Foi neste ambiente desafiador que o MAS surgiu, fundado em 1995. Liderado por figuras proeminentes, como Evo Morales e Felipe Quispe, o partido nasceu com uma missão clara: representar os interesses dos povos indígenas e dos setores historicamente marginalizados. Assim, enfatiza-se a nacionalização dos recursos naturais e uma abordagem econômica mais inclusiva, destinada a combater as crescentes desigualdades e o predomínio do neoliberalismo.

No cerne da ascensão do MAS, encontra-se o sucesso em mobilizar as bases sociais em torno de suas propostas e políticas.

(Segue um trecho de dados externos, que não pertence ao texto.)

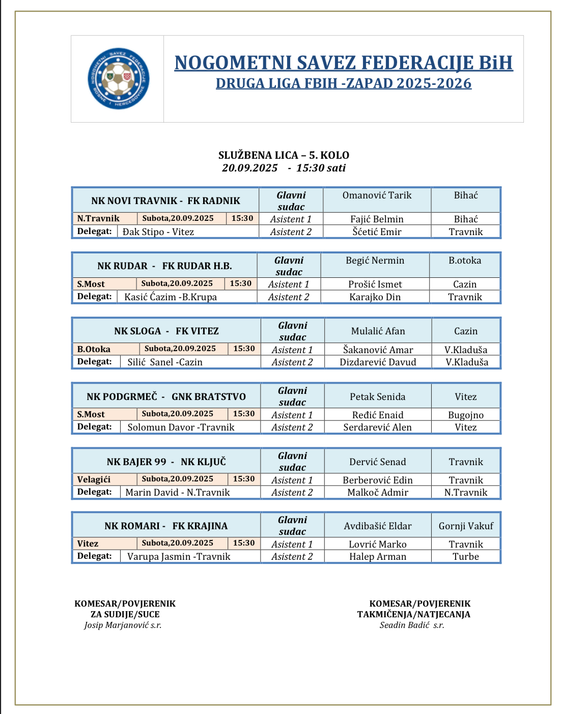 Delegiranje 5.kolo Druga liga FBiH Zapad

Programas de assistência social e o aumento do salário mínimo foram algumas das medidas que contribuíram para construir a crescente base de apoio popular. Essas políticas não apenas promoveram lealdade entre a população, mas também consolidaram a posição do MAS como uma força política que priorizava o bem-estar social. O partido emergiu como um farol de esperança para aqueles há muito negligenciados pela elite política boliviana, particularmente os povos indígenas (que representam 62% da população do país). 

Em pouco tempo, o partido emergiu como uma força política influente e, eventualmente, a principal força política na Bolívia. Essa ascensão pode ser atribuída a uma série de fatores estratégicos e políticas astutas que moldaram sua trajetória. O MAS adotou uma abordagem pragmática e estratégica para alcançar seus objetivos. Isso envolveu a formação de uma ampla e diversificada coalizão de apoio, que incluía camponeses, sindicatos, movimentos sociais e comunidades indígenas. A habilidade do MAS em unir esses grupos sob uma bandeira comum demonstrou a sua capacidade de consolidar e fortalecer sua base de poder.

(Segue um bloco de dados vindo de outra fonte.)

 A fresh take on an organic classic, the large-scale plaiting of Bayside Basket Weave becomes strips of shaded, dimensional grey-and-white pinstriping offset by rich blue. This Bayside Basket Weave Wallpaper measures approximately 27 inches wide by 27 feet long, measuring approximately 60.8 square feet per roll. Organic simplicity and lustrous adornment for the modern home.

O partido abraçou, também, uma retórica anti-imperialista e nacionalista, que representou os interesses de uma parte significativa da população boliviana. A promessa de nacionalização de recursos naturais, em especial o gás e o petróleo, desempenhou um papel central na conquista do apoio popular. A liderança carismática de Evo Morales desempenhou um papel fundamental na ascensão do MAS. Sua origem indígena, história como líder sindical e sua capacidade de articular as aspirações populares o tornaram uma figura emblemática para muitos bolivianos. Sua habilidade em personificar a luta contra as elites políticas estabelecidas foi vital para o sucesso do partido.

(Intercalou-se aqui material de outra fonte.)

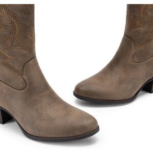 ⚡Women's Camel Mid Calf Cowgirl Boots With Embroidery Round Toe Western

A polarização política na Bolívia, que se intensificou a partir de 2002, desempenhou um papel significativo na consolidação do partido como a principal força política do país. Nesse período, a disputa entre o MAS e as legendas tradicionais tornou-se uma característica central da política boliviana. Essa polarização está enraizada nas questões sociais e econômicas que moldam as identidades políticas na Bolívia. Em 2005, o MAS assumiu o governo sob a presidência de Evo Morales e iniciou uma transformação política e econômica profunda. Sua liderança trouxe transformações significativas, enfrentando desigualdades e implementando políticas de nacionalização econômica, reforma agrária e assistência social

No entanto, vale ressaltar as limitações do projeto do MAS. A falta de diálogo com a oposição e a concentração de poder nas mãos do presidente foram desafios para a estabilidade política nacional e para a construção de uma democracia mais plural e inclusiva. A participação popular é, em suma, o legado fundamental na construção desse projeto. O legado de Morales e do projeto do MAS continuarão a moldar o cenário político boliviano.